Early Acquisition of Pneumocystis carinii in Neonatal Rats using Targeted PCR and Oral Swabs
Members of the Pneumocystis genus are fungal pathogens that infect mammals with compromised immune systems, including humans. To date, the life cycle of Pneumocystis is incomplete, and has been examined only within the confines of the mammalian lung. This deficit of information on the life cycle has complicated the study, diagnosis, and treatment of Pneumocystis-related disease, and is primarily due to the lack of a robust method for long-term in vitro cultivation of these organisms.
Humans become seropositive for Pneumocystis antibodies within the first three years of life [24,30], but there is increasing evidence that acquisition is earlier than previously expected. Some investigators have reported pneumocystosis in infants as young as three months of age [5,21,27–29], whereas others have reported the presence of Pneumocystis organisms in the lungs of neonates and stillborn infants [12,23]. Previous studies in rodents have suggested transplacental transport of Pneumocystis as a potential mode of transmission [8,11,17,19,21]. Unfortunately these data have been difficult to reproduce and warrant further investigation.

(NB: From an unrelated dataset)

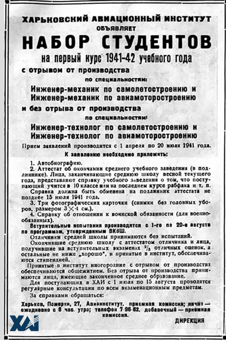 Мільйони щасливих чоловіків, жінок, дітей тоді ще не знали, що доля вже запустила свій страшний відлік. Не знали це й студенти ХАІ. Саме в цю хвилину, коли Ви читаєте цей пост, 83 роки тому сімдесят студентів-добровольців з ХАІ вже стояли у черзі до військкомату. Через 10 днів до них приєднаються ще сорок шість…
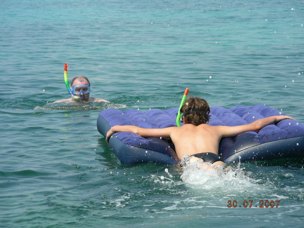 Oczywiście kąpiemy się w nowym miejscu. Wracamy do domu po Tomka. Nasz syn docenia to miejsce - pływa, nurkuje, wreszcie do obciętej plastikowej butelki łapie jeżowca.

This study sought to define the time of initial acquisition of Pneumocystis in rats by use of oral swab/PCR analysis, as well as PCR analysis of homogenized fetal tissue taken by cesarean section. We recently determined that the presence of Pneumocystis-specific DNA in the oral cavities of nonimmunosuppressed rats was highly predictive for Pneumocystis exposure [18]. This technique was used in the present study. Determination of the initial contact with Pneumocystis will be useful for studies of its life cycle and transmission in humans.
MATERIALS AND METHODS
Rat groups
Ten rat dams and their pups were used for these studies, including 8 sets of Long Evans and 2 sets of Brown Norway rats, for a total of 121 rats. All rats used were bred and housed at the VA Medical Center Animal Facility, (rooms 003/004, Cincinnati, OH). Breeder rats and neonates were housed in open shoebox cages in a room with other rats known to harbor Pneumocystis carinii f. sp. carinii. Rats were handled according to IACUC guidelines under VA Medical Center protocols.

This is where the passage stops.